For lesbians this has a particular impact, as even pre-lockdown, it was difficult to carve out our own spaces. If LGBT+ spaces are scarce, finding spaces that cater specifically to lesbians is like finding gold dust.
This is even further compounded for lesbians who have multiple marginalised identities – lesbians of colour, like me, might not feel welcome in all-white lesbian spaces. Trans lesbians might feel like a mostly cisgender lesbian space is not for them.
Even within fiction, it is difficult to find depictions of lesbian community and lesbian joy that feel authentic. Many TV series and films about lesbians are not actually created by lesbians, leading to an uncomfortable reliance on stereotypes and clichés.
In many cases, this means that lesbians are shown as dangerous to those around them, or having tragic lives that often result in death.
When we are only ever shown that our lives will be difficult, it turns this depiction into a self-fulfilling prophecy: at the very least, we have to be able to imagine our happiness, if we want to be able to live it.
I am one of the lucky ones. I get along with the people I live with, and I feel safe expressing my lesbian identity with them. I still have an income, which means I still have a roof over my head. Nobody close to me has died of the virus.
Even writing those sentences felt scary, because it sounds like tempting fate, like I’m jinxing the little bit of structure in my life. I am not a superstitious person, but when a situation is so incredibly out of your control, it is necessary to find those last few things that you can control, and guard them as closely as possible.

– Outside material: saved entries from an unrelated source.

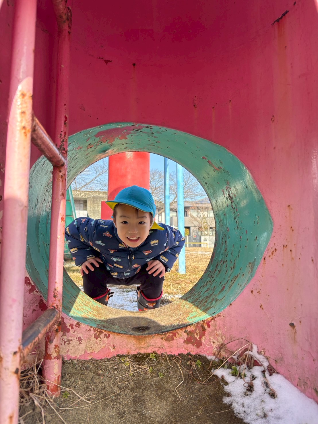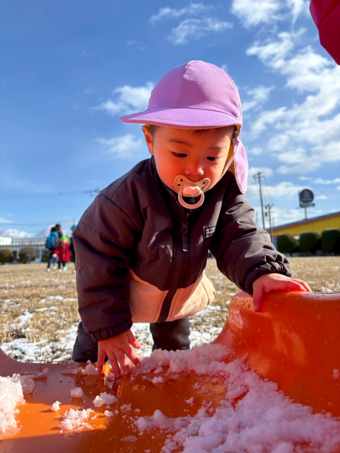 滑り台の上に雪が積もっていることに気付き、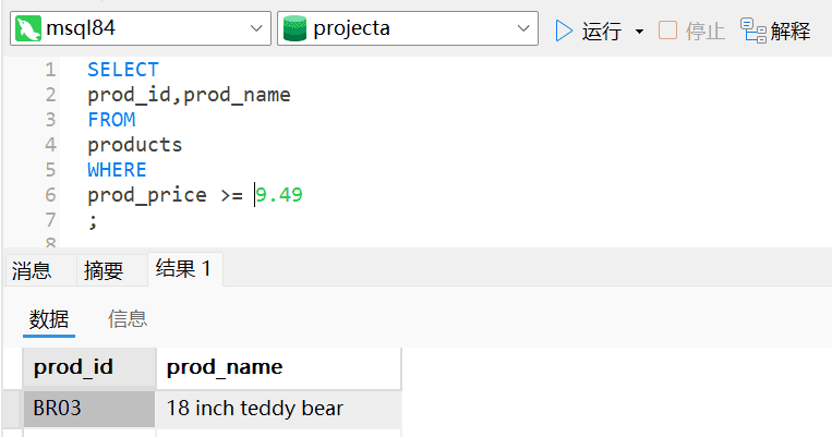 2、编写SQL语句,从Products表中检索产品ID(prod_id)和产品名称(prod_name),只返回价格为9.49美元或更高的产品。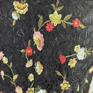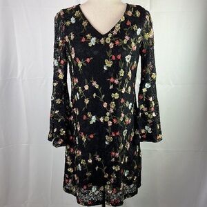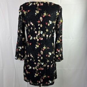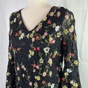 Tahari by ASL Bell Sleeve Dress Size 2. Embroidered shift dress; bright floral pattern accented with gold sequins and beads on black background with 3/4 bell sleeves. Fully lined. Concealed v-center back zipper closure. Approx 17" armpit to armpit, 34" shoulder to hem & 23" sleeves. Embroidery: 100% Polyester. Ground: 100% Nylon. Lining: 94% Polyester & 6% elastane. 🪧K🚌

One thing that I’ve held onto are my online LGBT+ communities. I am part of an LGBT+ community choir, as well as an LGBT+ student organisation, and my friends in those spaces have been a bigger support than I could ever say.

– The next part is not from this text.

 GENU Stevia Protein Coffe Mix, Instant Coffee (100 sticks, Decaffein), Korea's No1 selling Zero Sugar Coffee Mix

A particular organisation that has helped me find purpose in the pandemic is Just Like Us, a charity working to improve the lives of young LGBT+ people in schools. They also conducted the research that the statistics above were taken from.

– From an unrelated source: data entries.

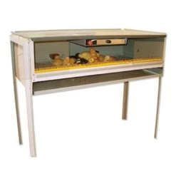 Prêt à l’emploi, ce modèle est équipé d’un éclairage blindé, d’un chauffage réglable à potentiomètre et de mangeoires et abreuvoirs intégrés.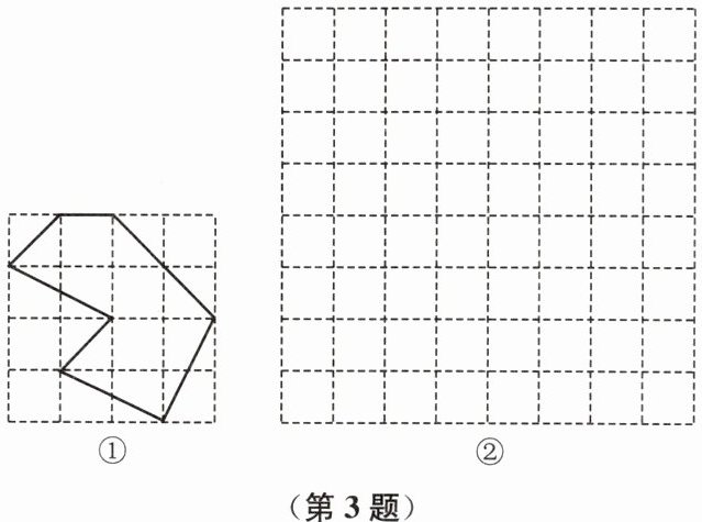 3. 在如图的网格中,将图①网格中的图形放大为原来的 2 倍,并画在图②网格中.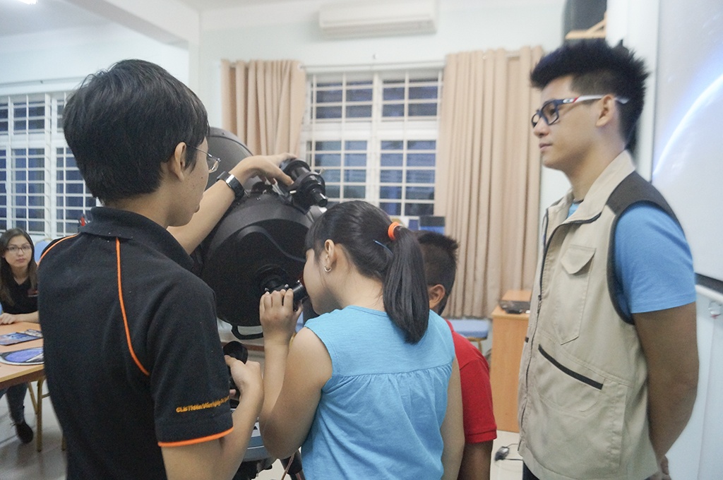| Cùng đồng hành trong ước mơ này còn có Vy Nguyên (học sinh lớp 5). Cô bé tuy tuổi còn nhỏ nhưng đã có tìm hiểu nhiều về thiên văn học và muốn biết sâu hơn nữa về bộ môn thú vị này. |

A few months into the pandemic, I joined Just Like Us in September 2020. I was itching to find a way to help other people during lockdown and remain in touch with my community, so volunteering for an LGBT+ charity felt like the natural thing to do.
In the ambassador programme, young people (age 18-25) are trained to deliver talks in school on what it is like to grow up as an LGBT+ person, and what young people can do to support each other and make each other’s lives easier.
I finished my training in January, and I am set to deliver my first virtual group workshop this week.
With virtual school talks, Just Like Us can hopefully help ease this mental health crisis for all LGBT+ young people who will finally get to see and hear from someone like them. While it may be difficult to be a young LGBT+ person right now, we can show that there is a community out there that is ready and willing to help each other through tough times.
Young LGBT+ people can and should be dared to imagine that their future will be bright and that there will always be people who walk beside them on their journey.